Director Report Card: Barry Sonnenfeld (2012)



My expectations for “Men in Black 3” were low. Even in 2012, ten years after the sequel, I still felt the sore disappointment of “Men in Black II.” The intervening decade, in which Will Smith starting making flops and Barry Sonnenfeld directed “RV.” did little to make me assume a third “Men in Black” would be any better. The general impression was that Sony greenlit the movie because they desperately needed a guaranteed blockbuster. Sonnenfeld was almost fired from the project before it even began. Squabbles about Will Smith and Tommy Lee Jones' skyrocketing salaries filled the press. The film's production was awash in gossip and missteps, some of it revolving around Smith's ridiculous trailer. Filming stopped half-way through so they could rewrite half the movie. Lastly, the film was being released in 3-D, a fad that was dividing movie nerds at the time. Perhaps my expectations being so so low is why I ended up enjoying “Men in Black 3” upon first-viewing. Will I still feel that way on a second go around? Well, let's find out.

Agent Jay and Agent Kay of the Men in Black have been partners for fourteen years. In that time, Jay still feels like he doesn't really know his partner. After a seemingly standard night, Kay starts to behave very strangely. He learns that Boris the Animal, a notoriously evil alien he sent to prison in the sixties, has escaped. The next morning, Jay wakes up to see someone else is his partner. Nobody knows who Kay is... Until his new boss informs him that Kay died forty years ago. Jay learns that Boris traveled back in time to kill Kay in the past and to make Earth vulnerable to invasion. Jay goes back to 1969 to stop Boris, protect Kay, and make sure Earth is protected... Which is easier said than done.

Aside from being content to just repeat what worked the first time, “Men in Black II” failed because it was too focused on telling jokes. The sequel was so oppressively zany that any tension was drained out of the story. If nothing else, “Men in Black 3” is all too aware of these flaws. The plot involves a big bad from outer space chasing a tiny MacGuffin but doesn't follow the formula set out by the first two films so gratuitously. And while there are jokes, the movie never values humor more than telling an actual story. The stake of the world, and the characters we've grown attached to, are more important than yucking it up. That alone is enough to make the third movie a vast improvement over the second.

Something that was also appealing about the first “Men in Black” is, despite being a popcorn flick, it contained some heady ideas about man's place in the universe. The third installment returns to this ground, including really interesting conceptual ideas inside its crowd-pleasing structure.
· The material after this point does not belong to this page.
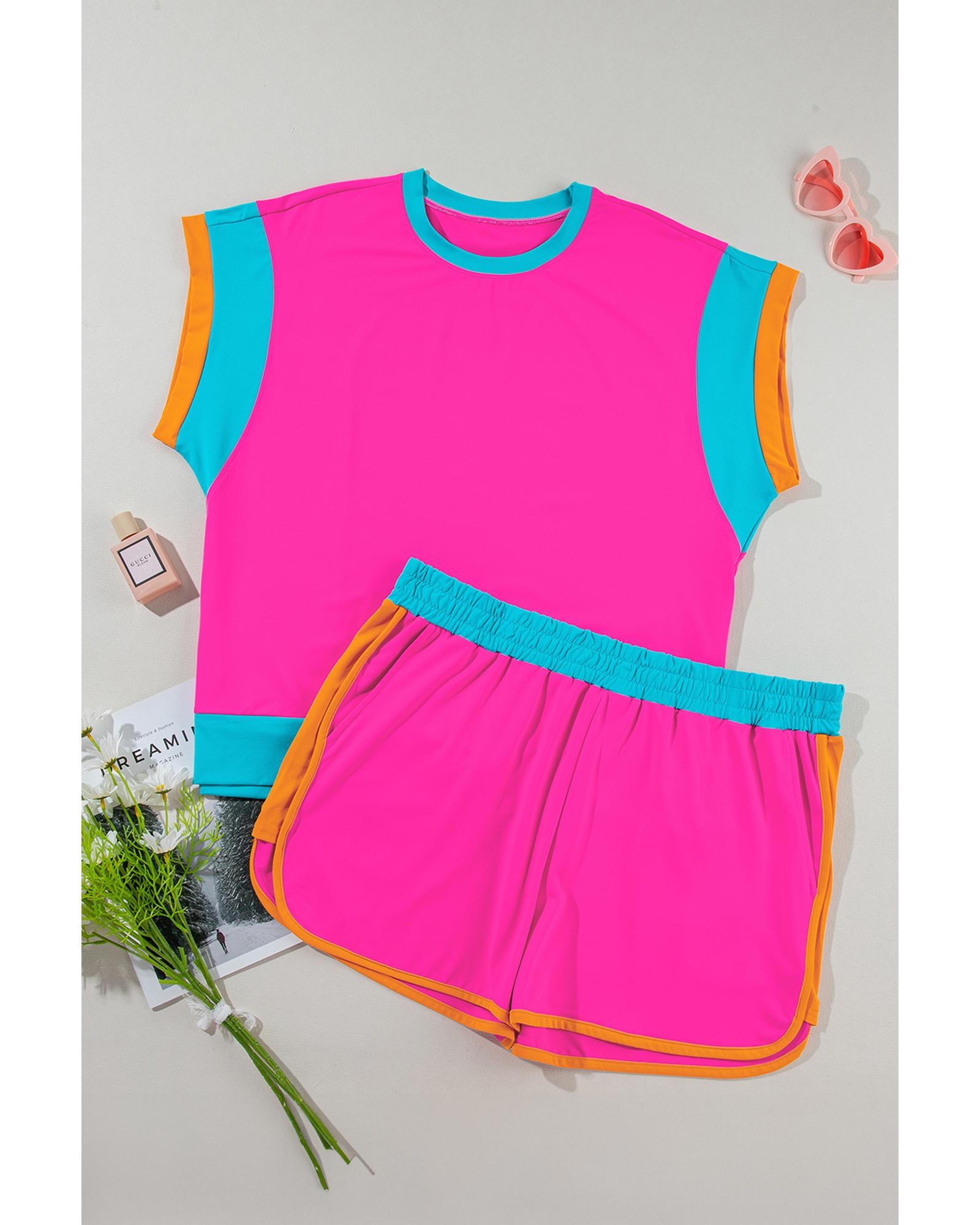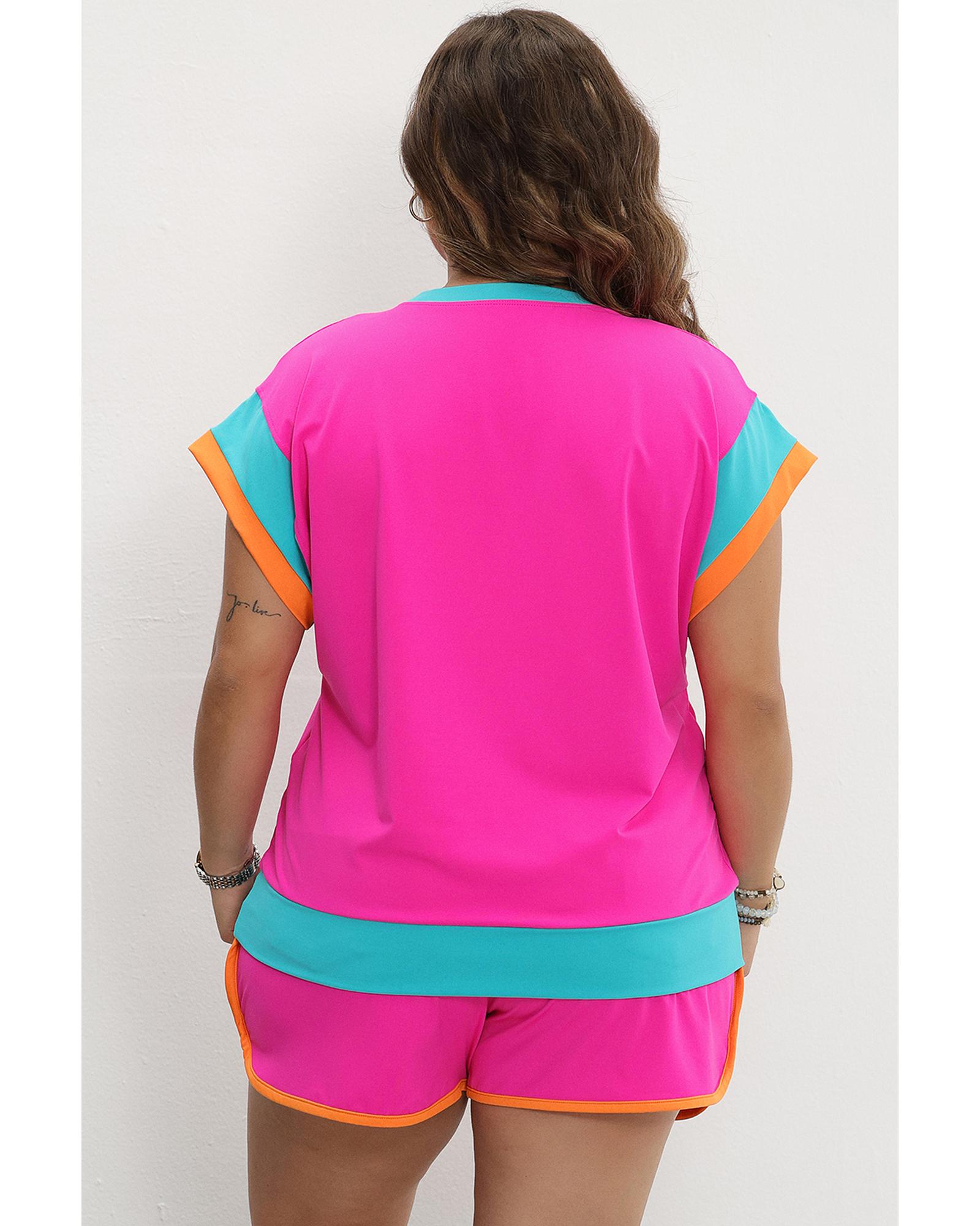 This stylish plus size shorts set features a vibrant rose red color with a colorblock patchwork design. The set includes a cap sleeve top and matching shorts, offering a trendy and comfortable look that can be worn together or separately. The contrast trim adds an extra touch of style, making it suitable for various casual occasions.

Some of these are barely seen. Boris the Animal's species seem to utilize organic technology, as their ships and his motorcycle are made from fleshy matter. A prominent character in the film is Griff, an alien that described as a “fifth dimensional being.” He can perceive every timeline that can happen as they are happening. He often describes the little miniature decisions that are made every day that have huge consequences. It's nothing that hasn't been done in sci-fi before but it's the kind of thing usually seen in 225 million dollar studio movies.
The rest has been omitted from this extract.